Paris, 1793, pendant la Terreur. Le Chevalier de Maison-Rouge fomente un complot pour faire évader la reine Marie-Antoinette. Il reçoit l'aide de Dixmer, son beau-frère, maître-tanneur vu par ses concitoyens comme un ardent révolutionnaire...Contre toute attente, c'est une très bonne adresse !
De loin, Capellani me semblait tenir à une sorte d'héritier chiant du déjà très chiant "Film d'Art". Les textes que je croise sur le net insistent sur l'innovation de son œuvre, sur son côté "chaînon manquant français" entre Zecca et Griffith - notamment par ses panoramiques, ses inserts, ou le réalisme de ses tournages en extérieur. Sans remettre en cause la validité de ces visions d'historien, je reste un peu dubitatif sur l'intérêt d'aller apprécier le film sous cet angle-là, tant c'est aller y chercher à la tractopelle quelques miettes dérisoires. On a quoi, deux travellings (qui pour le coup font certes vraiment évènement), peut-être 10 inserts à tout casser ? Les passages en intérieur sont aussi (voire plus) inspirés que les extérieurs, ceux-ci étant de toute façon aussi composés et organisés que le reste... On reste dans un cinéma fondamentalement "en tableaux", quand bien même ceux-ci sont parfois articulés, et le nier en allant chercher l'identité du film ailleurs, dans un futur cinématographique dont on devinerait les quelques premières traces ça et là, me semble surtout être l'occasion de rater ce qui en fait la saveur.

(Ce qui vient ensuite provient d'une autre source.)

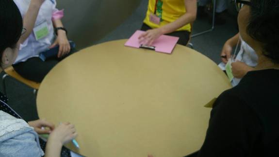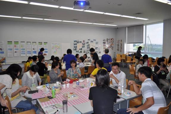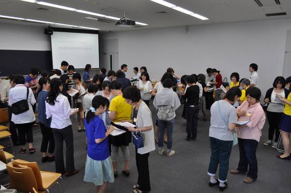 そしてさらに午後は、午前のテーマを受ける形で「学校図書館のディレンマ:対話の力」と題したワークショップの基礎と実践を行いました。これもまた、ただ漫然とワークショップを行うというものではありません。専門家である小峰先生の指導のもと、基礎的な理念を習って即実践するという、実にぜいたくで刺激的なワークショップでした。討議のために設定された事例は二つとも学校図書館ではよくある、深刻でいくつもの問題を抱えたもので、全体をまじえた話し合いではかなり熱くなりました。しかしその場が、常に温かく安心できるものであったことも間違いありません。これはひとえに、講師でありファシリテーターでもある小峰先生の手腕とお人柄のおかげであったと思います。そして小道具としてご用意いただいた“えんたくん”の魅力的であったこと!私たちは、なんと幸運な時間をもてたことでしょうか。1日目の夜は恒例の懇親会も行われ、さらに親交や話し合いが深まったことは間違いありません。
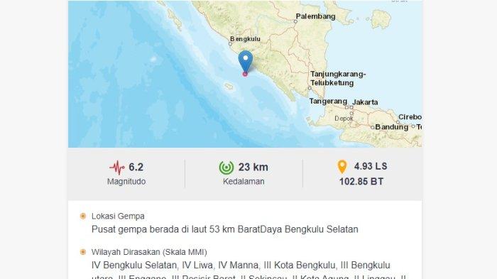Dilansir Twitter BMKG, gempa yang terjadi berkekuatan 6,2 Magnitudo yang berpusat di 53 km Barat Daya Bengkulu Selatan.
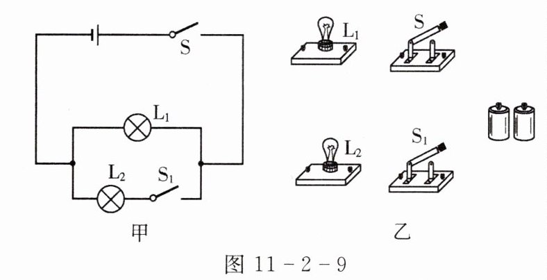 10. 按照如图11-2-9甲所示的电路图,用笔画线代替导线,连接实物图乙。(导线不允许交叉)
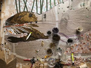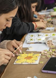 En el cierre del proceso formativo con los estudiantes, la Colectiva Tierra Húmeda desarrolló un taller de mosaico experimental, donde los jóvenes transformaron sus apuntes y dibujos en piezas elaboradas con la técnica de mosaico indirecto. Esta es una técnica artística en la que las piezas del mosaico no se pegan directamente en el lugar final, sino que se arman primero en otro soporte y luego se trasladan completas a su ubicación definitiva.

Ce qui séduit ici (et ce qui fait que ça n'a jamais un aspect théâtral), c'est l'alliage du geste naturaliste et de tableaux quasi-iconiques, compositions qui en prenant forme semblent soudain symboliser ou résumer la situation, comme dans l'instantané shématique d'une fresque. Dans ce récit foncièrement anti-révolutionnaire, c'est par exemple très parlant pour la Reine, figure droite entourée de ses suivantes, qui en se figeant dans une pose ferme, à l'endroit stratégique du tableau, tient en respect le chaos des sans-culottes qui l'assaillent. Ainsi avance le récit, par l'à-coup de compositions auxquelles le réalisme (de jeu, de détail) donne corps, au point de nous les rendre invisibles : je ne sais pas si le roman est foisonnant, mais il y a là un art évident du compactage, du condensé, en situations fortes - qui font d'ailleurs que le film ne comporte absolument aucun carton de dialogue (je sais pas si c'est une mode de l'époque où juste un truc de Capellani, mais c'est en tout cas très cohérent avec la manière du film).
Je trouve ça assez irréprochable dans les deux premiers tiers, quand toute l'intrigue est épurée autour du plan d'évasion à mener à bien. La dispersion qui s'ensuit est moins bien gérée, et les deux dernières parties sont plus hésitantes : on sent qu'il aurait fallu choisir un des duos des personnages, et se focaliser prioritairement dessus pour traverser les évènements de façon plus émue (la fin, maladroite au point d'en sembler parodique, en revient aux travers du cinéma sentencieux des théâtreux).
Mais ça reste une excellente nouvelle (j'avais un peu fait le deuil du ciné français de l'époque), je vais essayer d'aller voir ses autres dans la foulée.
Concernant le DVD (Pathé) : superbe restauration et compression ok, qui merde quand même un peu dans les rouge-orangés.